发布时间：2018-05-08 20:36

本文选题：医用超声系统 + 超声弹性成像　；参考：《深圳大学》2017年硕士论文

【摘要】：晶状体是眼球屈光系统的重要组成部分,也是唯一具有调节能力的屈光间质。晶状体的生物力学特性在晶状体调节功能中扮演重要的角色,并关系到有关疾病的诊断。由于晶状体的调节功能会随着年龄的增长持续退化,形成老视和白内障等疾病,严重影响中老年人的生活质量,也带来了巨大的公共医疗负担。目前,由于我们对老视和白内障的致病机制缺乏明确的认识,尚未找到一种确定的方法可以延缓症状的发展。因此,一种能够在体,无创和准确评估晶状体力学特性的研究方法,能够帮助我们解释老视和白内障的致病机制,监测老视和白内障等晶状体疾病的发展过程,进而研究相应的预防和治疗方法。本论文提出一种基于超声声辐射力在体定量测量新西兰兔晶状体力学特性的新方法。本研究基于Verasonics Vantage256超声平台,采用超声辐射力激励晶状体局部振动,并采用平面波快速成像的方式检测晶状体的振动信息。测量了振动传播的群速度与相速度,基于Voigt模型获得频散与弹性和粘性模量的关系,通过非线性拟合得到对应的粘弹性值。本论文先以离体的猪眼球和牛眼球为实验对象,实验结果表明,猪眼晶状体的群速度,杨氏模量和弹性值都大于牛眼晶状体的值,均有显著性差异。离体压缩实验的结果与超声实验结果一致,一定程度上验证了超声平台的有效性。在体实验是以四组不同日龄的新西兰白兔为实验对象,比较在同样能量的声辐射力下,不同组新西兰兔晶状体的位移,群速度,杨氏模量的差异。结果表明,随着日龄的增加,最大位移逐渐减小,群速度和杨氏模量逐渐增大。群速度与日龄的相关系数R=0.84,P5×10-8,群速度与体重的相关系数R=0.83,P8×10-8,表明样品的群速度与日龄和体重都有较强的线性相关性。
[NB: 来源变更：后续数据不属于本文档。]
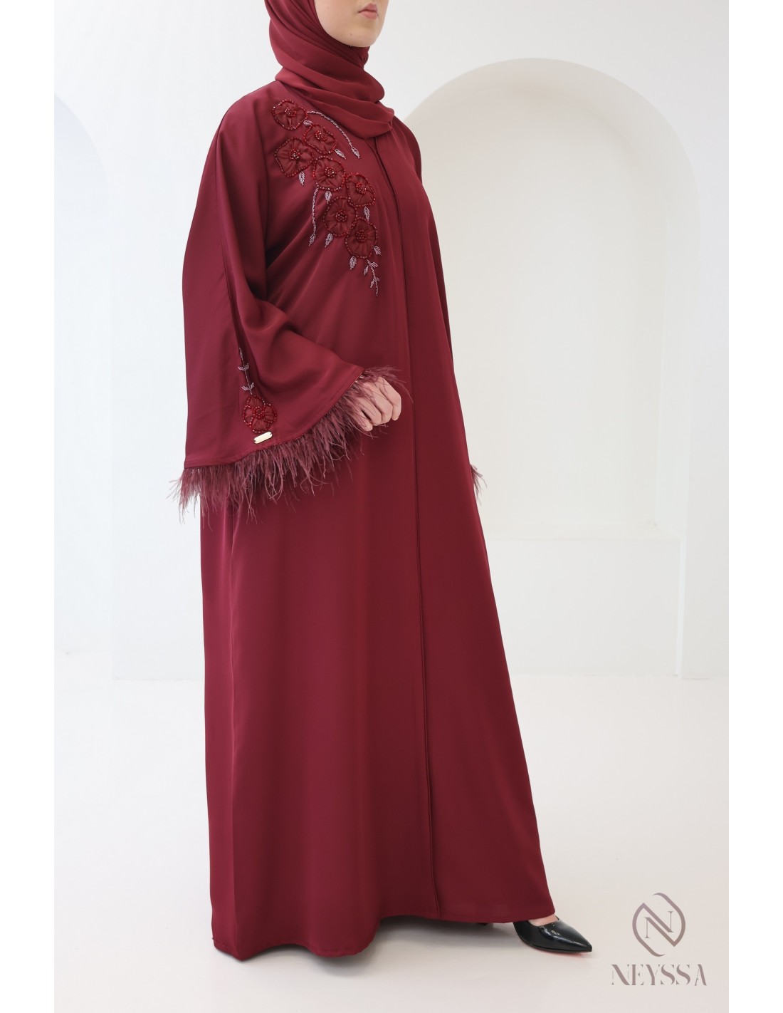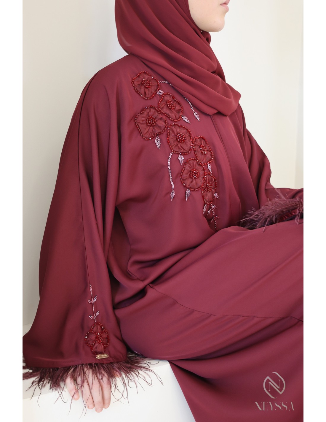 Abaya Dubaï Bordeaux femme détails plume

本论文提出了一种在体,无创的测量晶状体力学特性的方法,实验结果表明,基于超声声辐射力的晶状体力学特性定量测量可有效反映晶状体力学特性的变化,并通过动物实验验证了在体应用的可行性。有望发展成一种晶状体力学特性的在体测量技术并用于老视的发病机制和治疗方法的研究。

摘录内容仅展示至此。